The simplest way to eliminate access lists for routing policies is to completely remove the dynamic routing protocols and use static routes everywhere. This may be possible in simple networks like the one shown in Figure 4.2. You can configure static routes on the central router and define fixed routes to all of the networks in a central location. Static routes explicitly define routing policies, so you do not need to use access lists to filter routing updates.
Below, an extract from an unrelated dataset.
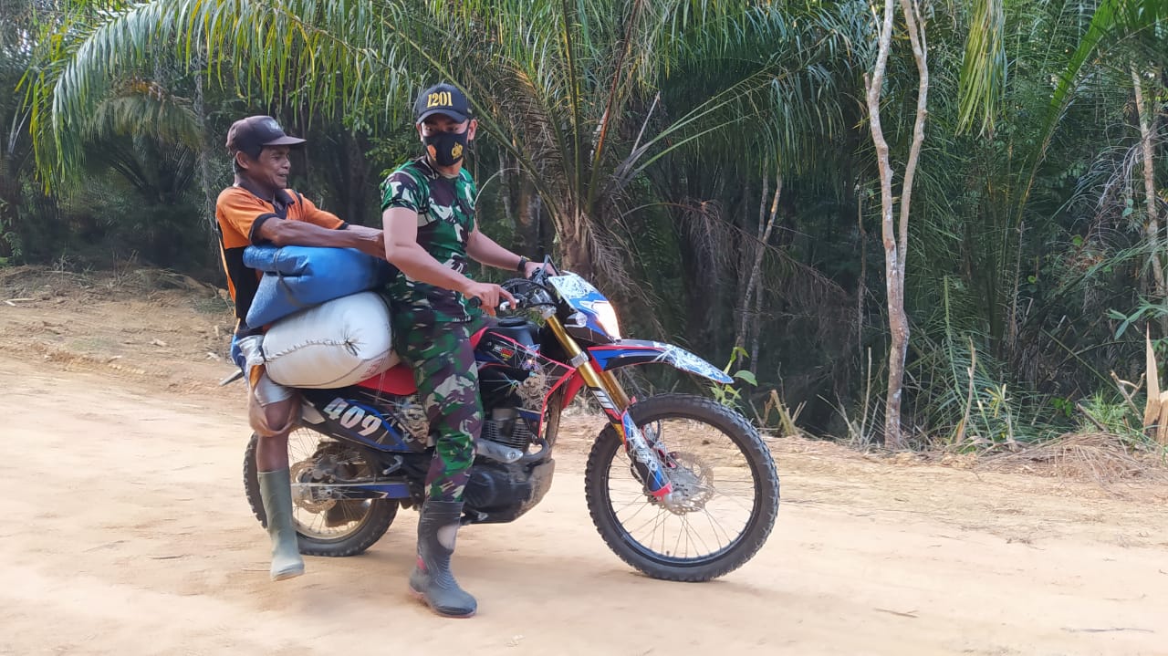 Landak – Membantu aktivitas keseharian warga Desa Tolok, Kecamatan Menyuke, Kabupaten Landak kerap dilakukan Satgas TMMD 110/ Kodim 1201 Mempawah-Landak.
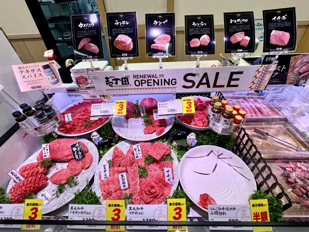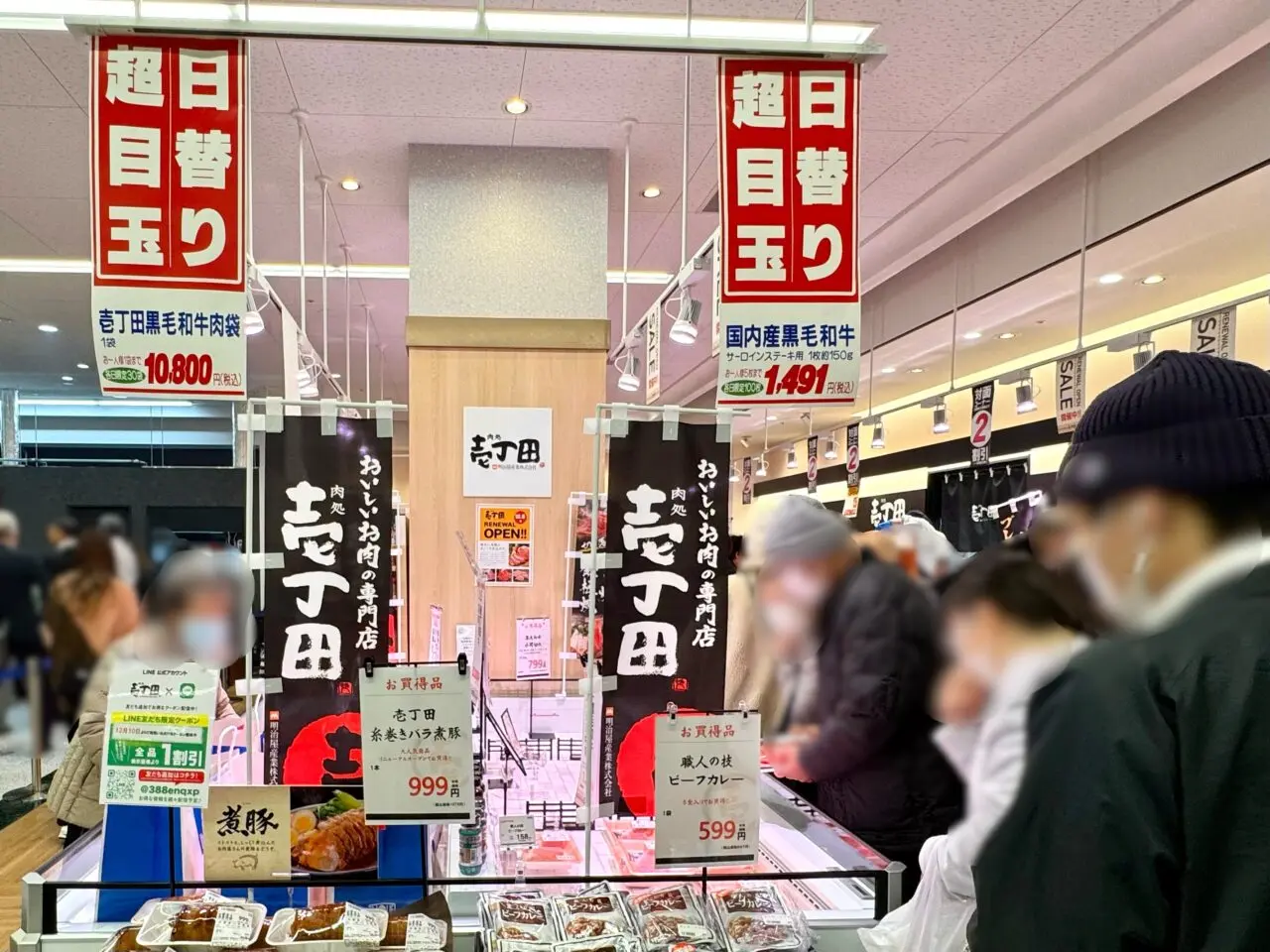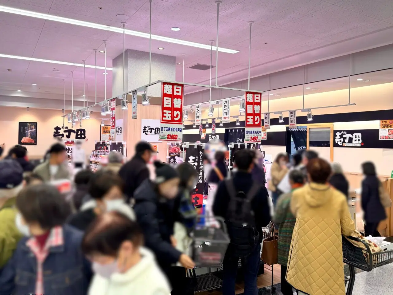リニューアルオープンしたのはお肉の専門店「肉処 壱丁田」です。開店から通路が通れないほどたくさんのお客様で賑わっていました!

As a network becomes more complex, a purely static routed network might become difficult to manage. Still, to reduce the use of access lists a combination of dynamic and static routes is possible. With stub networks, for example, connections between the stub networks and the transit or default network can be static routed, eliminating the need for dynamic routing protocols and routing access lists. Let’s revisit Figure 4.9 and see how we can use static routes instead of access lists. Recall that a key issue in this network was making sure the site networks did not advertise a network they did not own. To see how this occurs with static routes, let’s say that Router 1’s serial interface uses IP address 192.168.12.1 and Router 3’s serial interface has IP address 192.168.12.2. Router 4’s serial interface to Site E has IP address 192.168.13.1, and Router 6’s serial interface has IP address 192.168.13.2. Router 1 would use the following configuration to define its routing:
default-network 172.28.0.0 192.168.12.2 ip route 172.28.0.0 255.255.0.0 router rip network 19.0.0.0 redistribute static
Since 172.28.0.0/16 is the central transit network for this intranet, we define it as the default network and set up a default route to Router 3. We then redistribute our default network within Site D. We define network 19.0.0.0 in the routing statement, but not network 192.168.12.0/24. This causes the RIP routing process to send and listen to RIP routing updates only on interfaces that are on network 19.0.0.0. Therefore, Router 1 does not send routing updates out of its serial link to Router 3 or listen to any updates on that interface. This configuration saves considerable CPU resources on the router, since there are fewer router updates to process, and no route filtering to be done.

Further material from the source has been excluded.